BOLSA DE ESPECIALISTAS
VISÃO, 21-11-2022
por Adão Carvalho, Presidente do SMMP

Parece que a onda populista de “bater” no Ministério Público para conquistar votos entre os advogados tem ganho novos adeptos, mesmo entre aqueles que não víamos a encetar esse caminho tão básico e vazio de conteúdo


No inicio da semana que findou fui confrontado com um artigo de opinião, escrito por um ilustre penalista e também advogado, que estimo e respeito, mas que só encontro justificação para o tipo de discurso nele vertido, o contexto de plena campanha eleitoral para os órgãos da Ordem dos Advogados e o facto de o mesmo integrar uma das listas.

Parece que a onda populista de “bater” no Ministério Público para conquistar votos entre os advogados tem ganho novos adeptos, mesmo entre aqueles que não víamos a encetar esse caminho tão básico e vazio de conteúdo.

Os processos em que se investiga a eventual prática de crimes de violência doméstica, é certo, são urgentes, o que significa, de entre o mais, que os prazos para a prática de atos não se suspendem em férias e têm prioridade sobre a tramitação de processos por outros crimes.

O que faltou dizer é que a SEIVD do Porto só tem processos dessa natureza, isto é, urgentes.

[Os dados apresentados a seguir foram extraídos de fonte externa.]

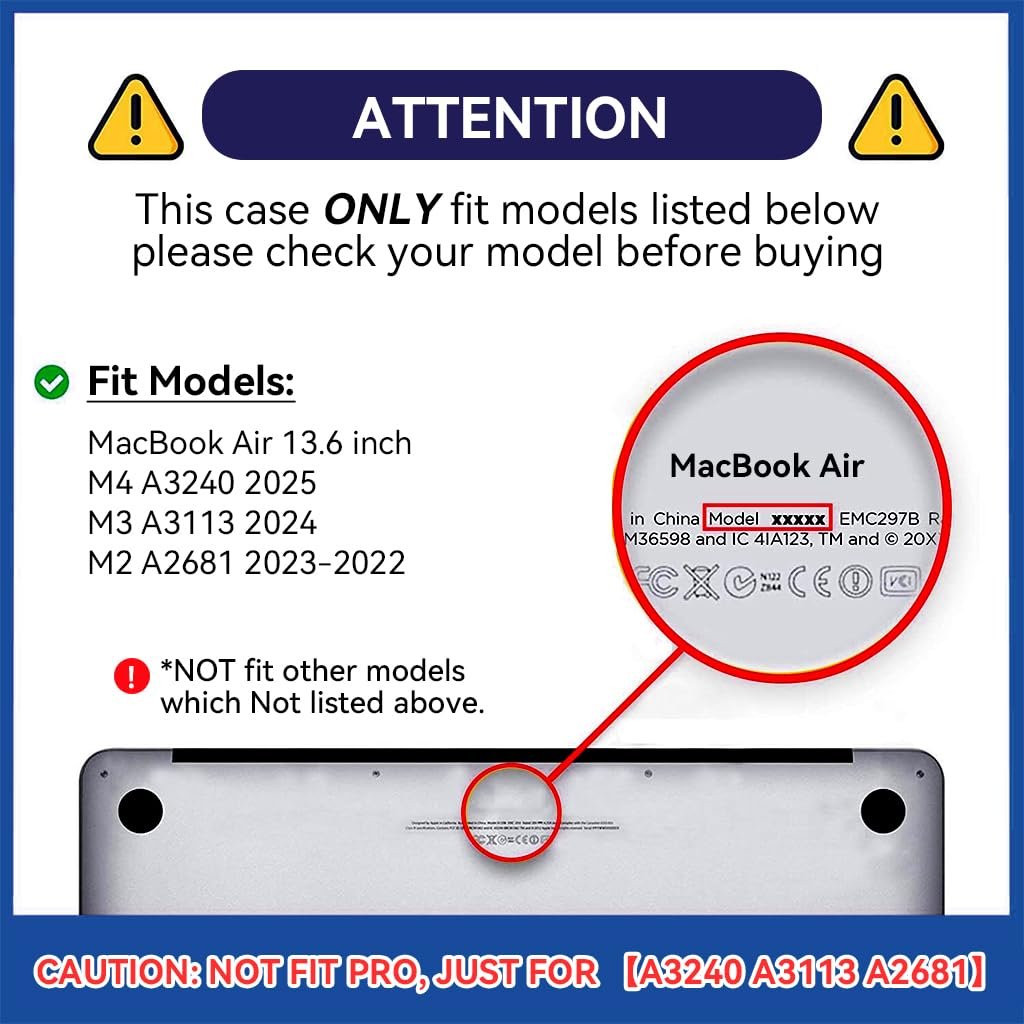 PRECISE COMPATIBILITY: Designed exclusively for the MacBook Air 13.6-inch models A3240, A2681 (M2, 2023), and A3113 (M3, 2024), this case ensures a perfect fit for your device. Tailored cutouts provide effortless access to all ports and functions, so you can enjoy full usability without removing the protective cover.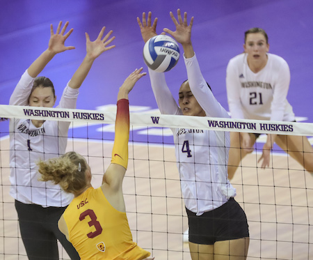 Stanford (8-4, 3-1) swept Arizona (11-4, 3-1) 25-15, 25-18, 25-16. Kendall Kipp led with 12 kills, hit .348 and had two aces and three blocks … Utah (10-3, 3-1) beat Oregon (12-2, 3-1) 25-21, 16-25, 25-15, 25-19. Dani Drews led Utah with 19 kills, a solo block, and 11 digs … No. 13 Washington (9-3, 2-2) hit .377 as it beat visiting USC (6-7, 2-2) 22-25, 25-20, 25-13, 25-19. Claire Hoffman led with 15 kills, hit .361, and added two blocks, Samantha Drechsel had 13 kills and hit .348 to go with two assists, two aces, three blocks, and seven digs, and Emoni Bush had 12 kills and hit .385 to go with four blocks. Ella May Powell had three kills in four errorless tries, 42 assists, six of her team’s 10 aces, 10 digs, and two blocks, one solo.

São todos urgentes.

E quando uma SEIVD tem pendentes 5131 processos urgentes, a urgência de cada um desses processos é relativa, é preciso definir prioridades.

E as prioridades não podem ser, seguramente, um requerimento apresentado por um arguido, em plena estação de Verão, a solicitar autorização para se deslocar à casa onde vive a vítima e de onde foi afastado por estar indiciado pela prática de crime de violência doméstica, para recolher as roupas de um inverno que ainda demora!!!

Sobretudo quando cada um dos 6 magistrados que aí exerce funções tem 855 inquéritos pendentes, a seu cargo, e apenas estão ao serviço 5 funcionários.

Tal estado do referido departamento não é imputável ao Ministério Público, nem aos funcionários que nele exercem funções, mas aos sucessivos Governos que não têm investido na justiça ou, melhor dizendo, não têm investido no que é efetivamente relevante, levando os serviços a uma situação de total rutura e desgaste para todos os que neles trabalham.

Perante tal situação, de insuficiência gritante de meios e recursos, fácil é perceber que as prioridades do serviço não podem ser a tal autorização, mas sim garantir uma atuação rápida naqueles inquéritos de violência doméstica, sinalizados com a menção de risco elevado ou médio, em que as vítimas estão em perigo e que o Ministério Público tem de acautelar rapidamente essa situação de perigo e evitar que continuem a ser vítimas ou que a situação resvale em homicídio.

E, como é facilmente compreensível, numa quantidade tão elevada de processos pendentes, as situações urgentíssimas e a exigir uma pronta atuação dos magistrados são diárias.

Talvez o autor do artigo de opinião preferisse que a magistrada que tem o processo a seu cargo tivesse dado prioridade à entrega das roupas de inverno ao seu cliente, em plena estação do Verão, em vez de despachar os processos com sinalização de elevado risco e abandonasse as vítimas de violência doméstica à sua sorte.

Sem recursos não se fazem milagres, nem a justiça consegue dar uma resposta tão célere quanto cada utente do sistema gostaria.

Mas a única coisa que se pode pedir a magistrados e funcionários que exerçam funções nas condições em que o fazem os que ainda resistem na SEIVD do Porto, é que saibam sempre ter o discernimento de definir corretamente as prioridades de forma a que não tenhamos mais vítimas de homicídio em contexto de violência doméstica.

Quanto às roupas parece que o despacho ainda foi cumprido a tempo do inverno!